If you’re starting a new Hytale server, go with 8GB unless you’re confident you’ll stay vanilla and small. The extra $4/month buys you a lot of peace of mind.

If you’re on 4GB now and experiencing crashes, upgrading is the most reliable fix. We tried every optimization we could think of to make 4GB work, and the temporary fixes just weren’t sustainable.

If you’re on 4GB and things are running fine, you can stay there. But keep an eye on performance as your world grows or if you add players. The crashes tend to sneak up on you.

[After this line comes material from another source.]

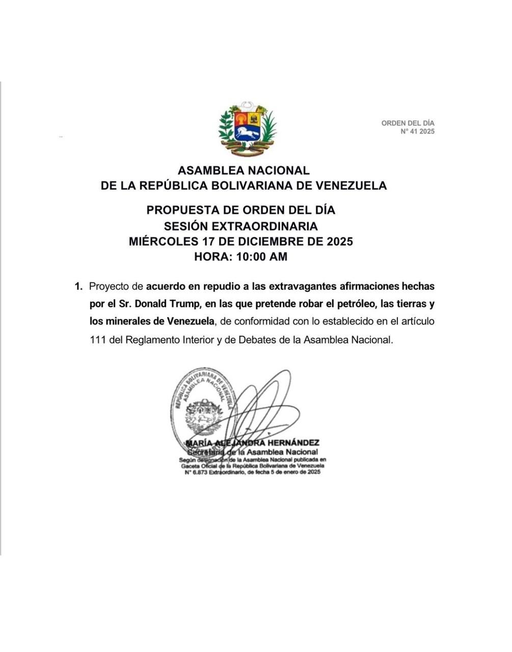 La propuesta de Orden del Día, tienen como único punto a tratar un "Proyecto de acuerdo en repudio a las extravagantes afirmaciones hechas por el Sr. Donald Trump" por pretender "robar el petróleo, las tierras y los minerales de Venezuela.

We know this is frustrating, especially for customers who trusted our initial 4GB offering. Early access games are unpredictable, and we should have been more conservative with our minimum specs from the start. We’re sorry for the inconvenience, but hope you can understand why we made this decision.


We’ve put together several Hytale guides in our help center if you want to dig into setup details or optimization: WinterNode Hytale Guides

All our Game Servers are priced at $1.99/GB of RAM with no extra charges for CPU, storage, or features other hosts mark up. Everything’s backed by our 48-hour refund policy, so there’s no risk in trying things out.

Got questions about upgrading or server performance? Our support team responds to tickets with actual humans, and we’re active on Discord if you prefer chatting there.

Frequently Asked Questions

While Hytale's official minimum is 4GB, we found over half of 4GB servers experienced out-of-memory crashes, especially with multiple players or mods. We now recommend 6GB minimum, with 8GB for modded or multiplayer servers.

No. Existing customers on 4GB plans are not required to upgrade, though we do recommend it if you're experiencing crashes. The change only affects new server orders.